*The problem*
Copy the data exactly; pictures stay out of the copy.

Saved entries
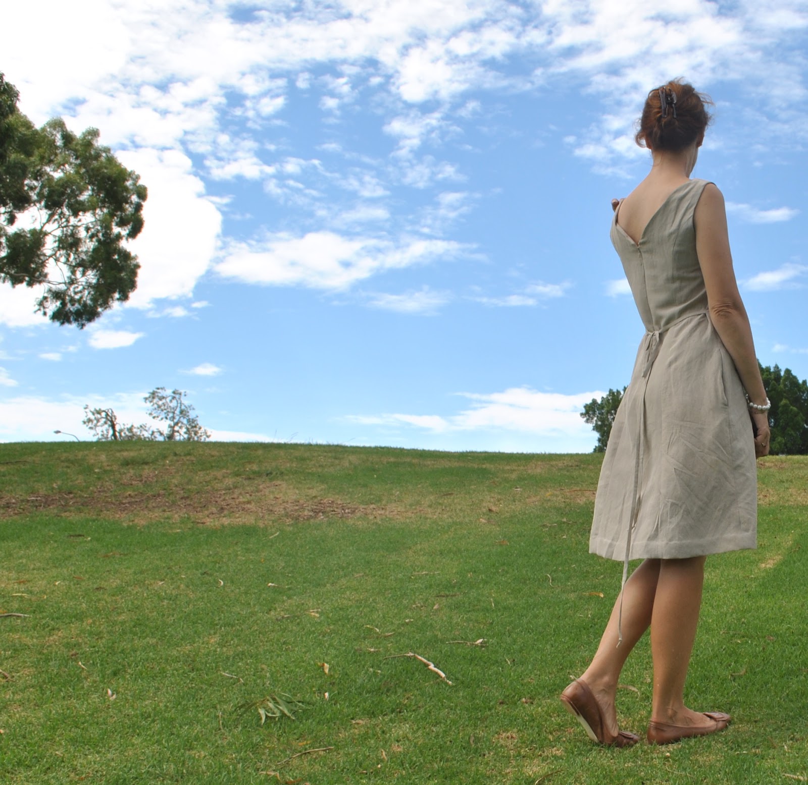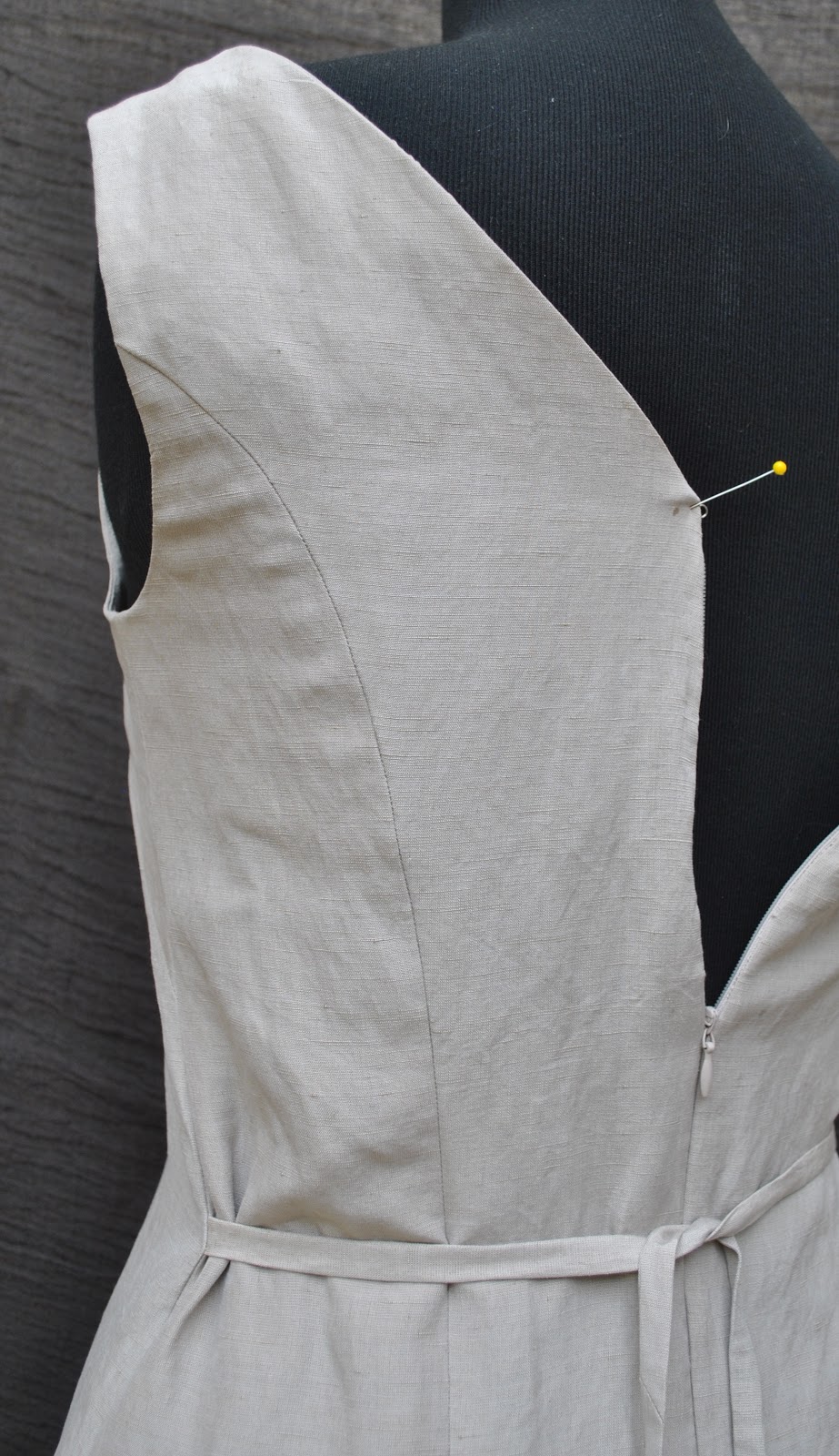 The back is four pieces; interestingly in a princess seamed arrangement.  The dress closure is by invisible zip in the centre back seam, and the back neckline is a modest V-line.  I added deep, inseam side pockets, and attached a self skinny belt in the side seams to tie at the back.  This adds a bit of shape to it, and provides some visual interest at the back, which is otherwise rather plain.  The ends of the belt are tied in little knots, a tiny design echo of those knots at the neckline at the front.
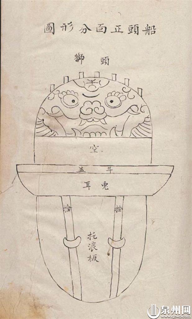 除了“头狮”这一称谓,福船上还有一处构造与“狮”有关,即福船船头上有一阁楼,前面甲板称“头狮坪”。由于船头雕刻神兽之后,可能遮挡住行船视线,因此会造一座阁楼作“瞭望台”用,“头狮坪”便是阁楼前方空地的称谓。
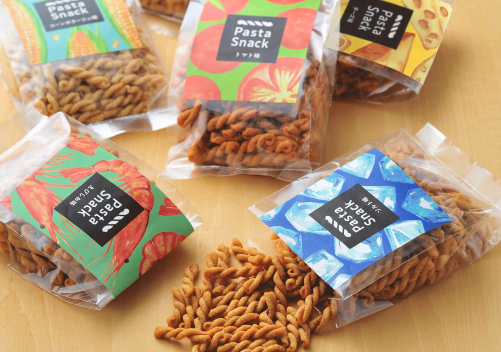 そんな三州製菓がパスタスナックを作り始めたきっかけは若手社員の発案によるもので、前例がない中、長年培った揚げ煎餅の製法技術を活かし 原材料・製造機械を新たに設計、デザイン、パッケージにもこだわり抜き5年近く経った頃にはヒット商品に生まれ変わっていました。
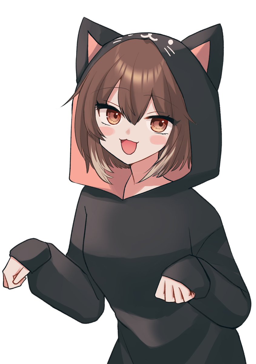 1girl 87mitsu4 :3 animal_hood blush brown_eyes brown_hair cat_hood clenched_hands colored_tips commentary cyon_hart english_commentary hair_between_eyes hood hood_up multicolored_hair open_mouth second-party_source simple_background sleeves_past_wrists solo tongue v&u_entertainment virtual_youtuber white_background
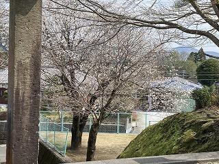 正門前階段横にある山桜の木が
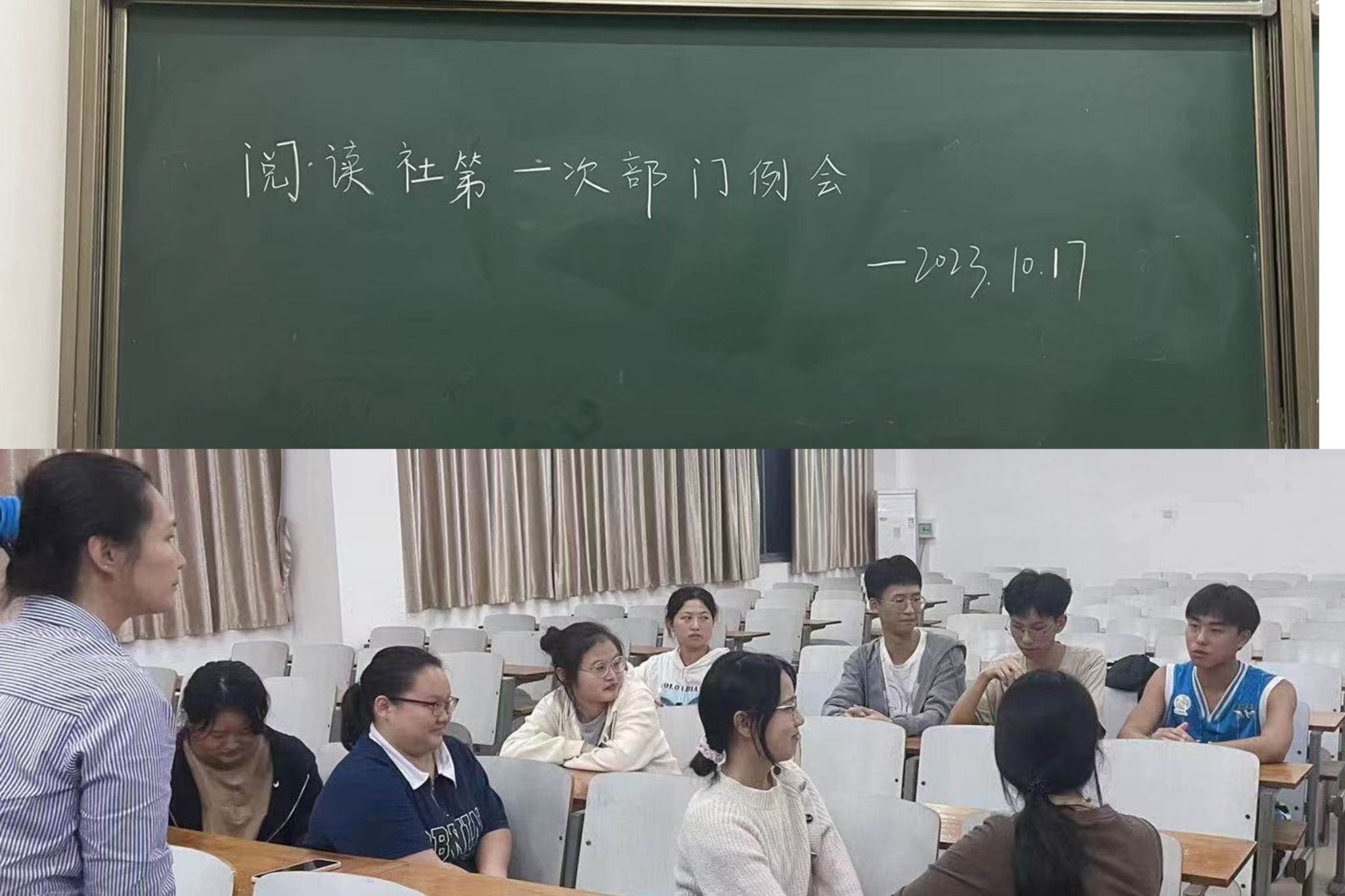 招新和换届过后,青年新声社悦读部社团于本周第七教学周在教学楼3-307开展第一次活动。参加者来自21级、22级和23级不同专业班级的数十位同学。他们在悦读社社长陈旭同学的组织下,依次自我介绍、分享以往的阅读经历和参加社团的初衷。大一的同学怀揣着美好的憧憬,想多融入阅读者的氛围;大二的同学有着哲学般的洞察,想多阅读让浮躁的心安静下来;大三的学长是外研社全国英语阅读大赛校赛一等奖的获得者,想多了解纯英文和中英双语阅读的知识。

*Response to this task*
 The back is four pieces; interestingly in a princess seamed arrangement.  The dress closure is by invisible zip in the centre back seam, and the back neckline is a modest V-line.  I added deep, inseam side pockets, and attached a self skinny belt in the side seams to tie at the back.  This adds a bit of shape to it, and provides some visual interest at the back, which is otherwise rather plain.  The ends of the belt are tied in little knots, a tiny design echo of those knots at the neckline at the front.
 除了“头狮”这一称谓,福船上还有一处构造与“狮”有关,即福船船头上有一阁楼,前面甲板称“头狮坪”。由于船头雕刻神兽之后,可能遮挡住行船视线,因此会造一座阁楼作“瞭望台”用,“头狮坪”便是阁楼前方空地的称谓。
 そんな三州製菓がパスタスナックを作り始めたきっかけは若手社員の発案によるもので、前例がない中、長年培った揚げ煎餅の製法技術を活かし 原材料・製造機械を新たに設計、デザイン、パッケージにもこだわり抜き5年近く経った頃にはヒット商品に生まれ変わっていました。
 1girl 87mitsu4 :3 animal_hood blush brown_eyes brown_hair cat_hood clenched_hands colored_tips commentary cyon_hart english_commentary hair_between_eyes hood hood_up multicolored_hair open_mouth second-party_source simple_background sleeves_past_wrists solo tongue v&u_entertainment virtual_youtuber white_background
 正門前階段横にある山桜の木が
 招新和换届过后,青年新声社悦读部社团于本周第七教学周在教学楼3-307开展第一次活动。参加者来自21级、22级和23级不同专业班级的数十位同学。他们在悦读社社长陈旭同学的组织下,依次自我介绍、分享以往的阅读经历和参加社团的初衷。大一的同学怀揣着美好的憧憬,想多融入阅读者的氛围;大二的同学有着哲学般的洞察,想多阅读让浮躁的心安静下来;大三的学长是外研社全国英语阅读大赛校赛一等奖的获得者,想多了解纯英文和中英双语阅读的知识。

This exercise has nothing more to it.